→ Data excerpt
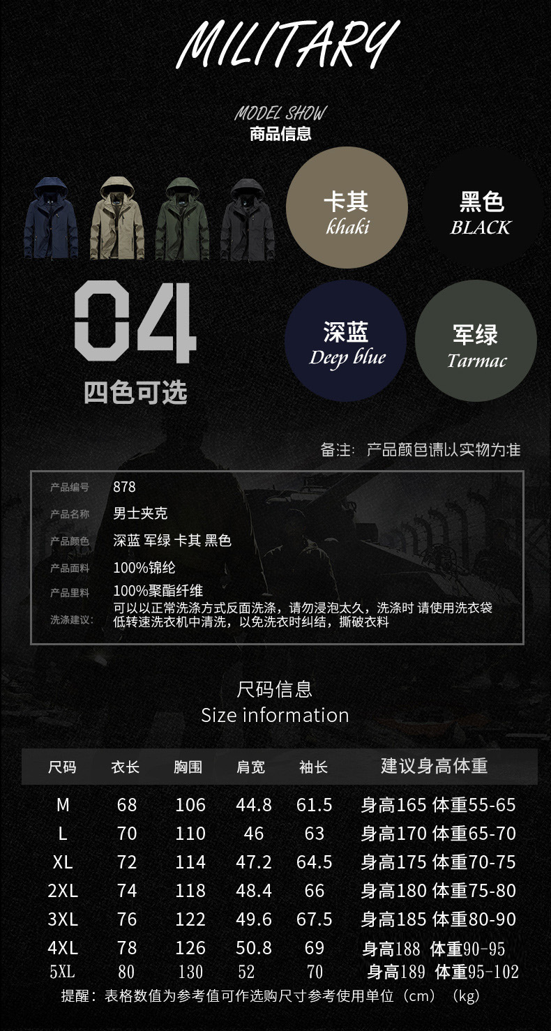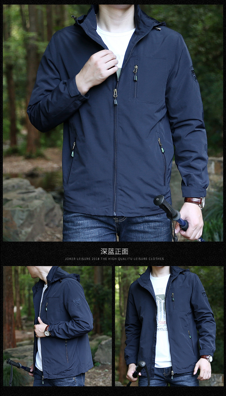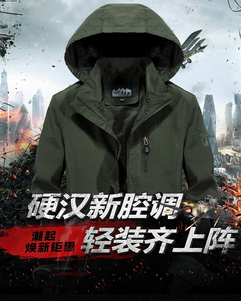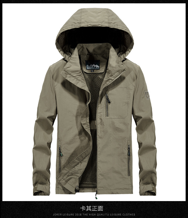 Весна и осень тонкая однотонная вышитая рабочая одежда с капюшоном Военная уличная дорожная куртка для отдыха мужская куртка пальто
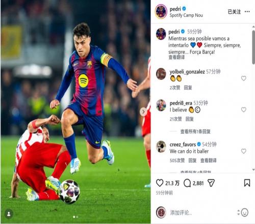 巴萨中场佩德里社媒晒出比赛照片,配文:“只要还有可能,我们就会努力尝试。永远、永远、永远,加油巴萨!”
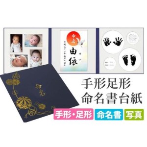 ふるさと納税 命名書 台紙 手形 足形 写真 名前 赤ちゃん 手形足形命名書 紺 愛知県名古屋市
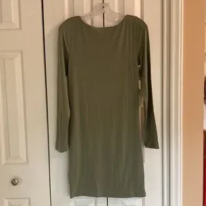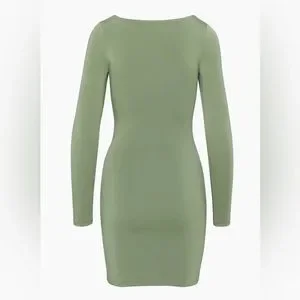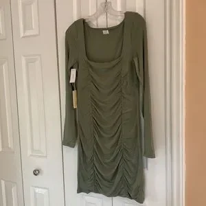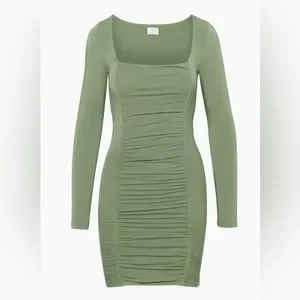 This is a ruched mini dress with a double square neckline. It’s made with Relux Jersey, an ultra-soft and drapey fabric that uses TENCEL™ Lyocell.

→ Your instructions
Print the listing verbatim, images excluded.

→ Result of the task
 Весна и осень тонкая однотонная вышитая рабочая одежда с капюшоном Военная уличная дорожная куртка для отдыха мужская куртка пальто
 巴萨中场佩德里社媒晒出比赛照片,配文:“只要还有可能,我们就会努力尝试。永远、永远、永远,加油巴萨!”
 ふるさと納税 命名書 台紙 手形 足形 写真 名前 赤ちゃん 手形足形命名書 紺 愛知県名古屋市
 This is a ruched mini dress with a double square neckline. It’s made with Relux Jersey, an ultra-soft and drapey fabric that uses TENCEL™ Lyocell.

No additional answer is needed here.